Bundesgericht 6B_1211/2016 vom 26.4.2017
Gerechtfertigte fristlose Entlassung eines Chauffeurs
Wer sich als Berufschauffeur bei der Arbeit mit einem Lastwagen über eine wichtige Verkehrsvorschrift wie ein Stoppsignal vorsätzlich hinwegsetzt und in der Folge mit einem korrekt fahrenden Personenwagen kollidiert, begeht in arbeitsrechtlicher Hinsicht eine schwere Sorgfaltspflichtverletzung. Eine solche Verfehlung ist objektiv geeignet, die für das Arbeitsverhältnis wesentliche Vertrauensgrundlage so tiefgreifend zu erschüttern, dass es dem Arbeitgeber nicht mehr zuzumuten ist, den Arbeitsvertrag bis zum Ablauf der ordentlichen Kündigungsfrist fortzusetzen. Die fristlose Kündigung des Chauffeurs war deshalb gerechtfertigt.
Bundesgericht 4A_625/2016 vom 9.3.2017
Moneyhouse muss Privatsphäre schützen
Die Moneyhouse AG – und andere Wirtschaftsauskunftsdateien – dürfen aus unterschiedlichen Quellen stammende Personendaten nicht in beliebigem Umfange speichern, verknüpfen und reproduzieren. Die Privatsphäre muss beachtet werden. Soweit Angaben über Leumund, Familienverhältnisse, Ausbildung, berufliche Tätigkeit oder Wohnverhältnisse bekannt gegeben werden, muss Moneyhouse die ausdrückliche Einwilligung der betroffenen Personen einholen. Moneyhouse muss durch geeignete Massnahmen sicherstellen, dass die Bonitätsauskünfte inhaltlich richtig sind und nur an Kunden erteilt werden, die über ein berechtigtes Interesse verfügen. Das Urteil kann in Lausanne angefochten werden.
Bundesverwaltungsgericht A-4232/2015 vom 18.4.2017
Kollusionsgefahr im Hinblick auf Cloud-Daten
Die Zürcher Justiz darf einen Motorrad-Rowdy, der massiv zu schnell gefahren ist, Autos rechts überholt, Rotlichter überfahren und eine Polizeikontrolle missachtet hat, weiterhin in Untersuchungshaft behalten, weil Kollusionsgefahr besteht. Das Bundesgericht begründet die Kollusionsgefahr unter anderem damit, dass der mutmassliche Täter bis zum Abschluss des Entsiegelungsverfahrens und der Sicherung der externen Handydaten die Möglichkeit hätte, in Freiheit allfällige Daten, die sich möglicherweise in einer Cloud befinden, zu löschen. Ob solche existieren oder nicht, steht zwar nicht fest, ist aber auch nicht ausgeschlossen. «Damit kann jedenfalls bis zum Abschluss des Entsiegelungsverfahrens auch in dieser Beziehung Kollusionsgefahr angenommen werden.»

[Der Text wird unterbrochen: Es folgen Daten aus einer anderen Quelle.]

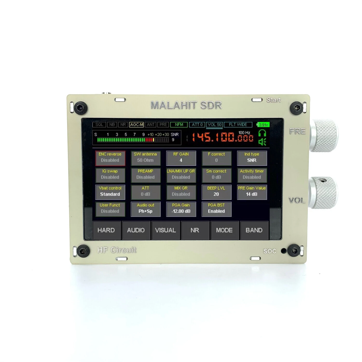 Points saillants:1. Écran capacitif de 3,5 poucesStructure de carte à 4 couches, performance supérieure à celle d'un PCB à deux couches.3. Adoptez une unité sonore, 2 chambres vibrantes, le haut-parleur est livré avec une chambre sonore, la qualité du son des basses est très complète4. Coque en alliage d'aluminium5. Le haut-parleur possède une membrane de basse intégrée, les basses sont épaisses et les aigus sont clairs Fonctionnalités:- Structure de carte à 4 couches, performances supérieures- Écran capacitif IPS de 3,5 pouces- Batterie au lithium rechargeable intégrée de 3000 mA- En utilisant des haut-parleurs à cavité de son de diaphragme de basse, meilleure qualité sonoreFlash via câble USBBouton de commande numérique intégré en alliage d'aluminium, encodeur EC11Plage de fréquence prise en charge de 50KHz à 2GHz (250MHz-400MHz est bloqué par l'auteur)- Avec code d'inscriptionMode de démodulation USB, AM, SSB, NFM, WFM, CW, DSB- Version du firmware 1.10c- Si vous commandez la version avec la carte d'extension intégrée, nous l'installerons pour vous avant de l'expédier. La carte d'extension est facultative. Spécifications:La radio est construite selon le principe de SDR : la fonction est déterminée par le logiciel chargé;2. Plage de fréquences prise en charge 50 kHz - 2 GHz (250 MHz - 400 MHz est bloqué par l'auteur)3. Tous les types de modulation analogique AM, SSB, NFM, WFM;4. Fonctions puissantes de filtre de largeur variable, supresseur de bruit adaptatif, supresseur de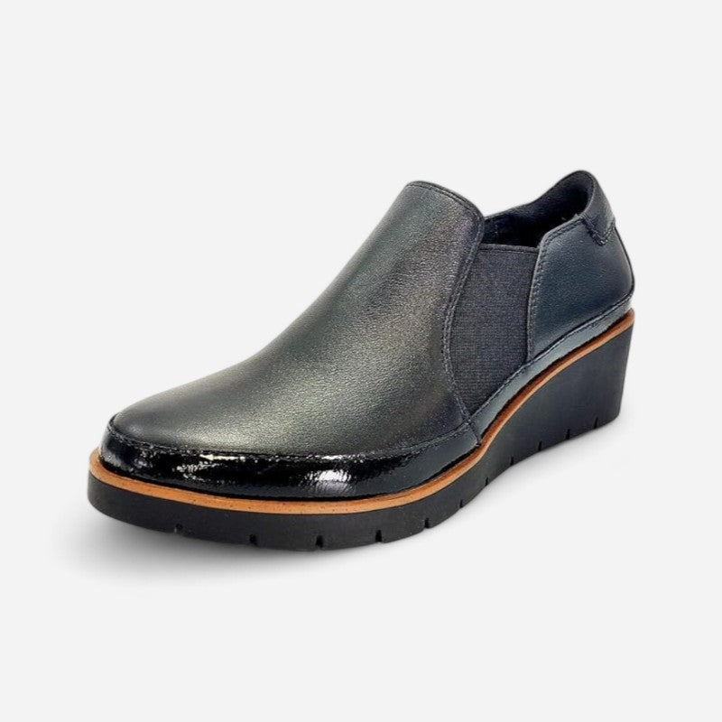 Forget foot fatigue with the Mykonos women's loafers for plantar fasciitis. These beauties are designed with our new wedge construction, Margot, elevating you to new heights. Made for simplicity, these arch support loafers have elasticated sides that make getting into and out of them a breeze. Style yours with absolutely everything from midi dresses to power suits - they’re a real wardrobe workhorse that can also be packed as your go-to travel shoes.

Bundesgericht 1B_146/2017 vom 2.5.2017
WWF darf bei Pestizidzulassung Partei sein
Die Stiftung WWF Schweiz darf in einem Überprüfungsverfahren zu Pflanzenschutzmitteln mit dem Wirkstoff «Quinoclamine» als Partei teilnehmen. Die Stiftung ist legitimiert, eine ideelle Verbandsbeschwerde zu erheben. Da diese Bestimmung die vollständige Parteistellung im Sinne des VwVG gewährt, hätte das Bundesamt für Landwirtschaft der Stiftung WWF die Teilnahme am erstinstanzlichen Verfahren zur gezielten Überprüfung von Wirkstoffen als Partei nicht verwehren dürfen. Das Bundesamt hatte argumentiert, im Pflanzenschutzmittelrecht seien hinreichend Massnahmen vorgesehen, um die bestehenden Interessenkollisionen zwischen Nutzungs- und Umweltschutzinteressen auch ohne den Einbezug von Naturschutz- und anderen Organisationen lösen zu können.